= Dimples D. =

American rapper

Crystal Smith, better known by her stage name Dimples D., is an American rapper.

==Sucker DJ==
Dimples D. was selected as the vocalist for a track by hip-hop producer Marley Marl entitled "Sucker DJ's (I Will Survive)", released on Party Time Records in 1983. "Sucker DJ's" was written by Crystal Smith / Williams / Kaye / Montenegro.
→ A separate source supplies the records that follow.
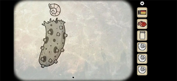 接下来要选择上面的海参,直接快速点击被黑圈围住的“触角”。此时海参会爆开,这样就能自然获得一个螺壳了。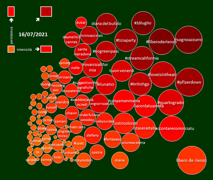 #hashtag di tendenza ieri (dimensione: intensità, colore: persistenza): ... #orlandera #imolagp #unavoltaliberi ... #superlega ... #domenicadiprimavera ... #ufcdaznitaly #traimaledetti ... #tgindahouse ... #mezzorainpiu #pierxlive ... #iostoconsalvini ...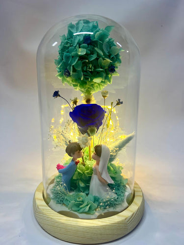 ROSA PRESERVADA CON LUZ LED + PAREJITA DE NOVIOS – 3 a 5 Años de Belleza Natural | Colores: Rojo, Azul, Púrpura, Rosado

The song—an answer song to Run-D.M.C.'s "Sucker M.C.s (Krush-Groove 1)"—did not sell in quantity upon its first release, but Ben Liebrand reworked the song in 1990, including a sample of the theme song from the American sitcom I Dream of Jeannie. Upon re-release, the song went to #1 in Australia, #17 in the UK singles chart, and charted in many countries in Europe.

==Discography==
===Albums===

List of albums, with selected details
| Title | Details |
|---|---|
| Dimples & Spice | Released: 1991; Format: CD, LP, CS; Label: Strictly Dance; |

===Singles===

List of singles, with selected chart positions
Year: Title; Peak positions; Album
AUS: AUT; BEL (FL); GER; NED; NZ; UK
1983: "Sucker DJ's (I Will Survive)" (US only); —; —; —; —; —; —; —; single only
1990: "Sucker DJ (A Witch for Love)" (Ben Liebrand remix); 1; 10; 25; 16; 8; 2; 17; Dimples & Spice
1991: "I Can't Wait"; —; —; —; —; —; —; —
"Sisters Keep on Doin' It" (with Lady Spice): 116; —; —; —; —; —; —
"—" denotes releases that did not chart or were not released.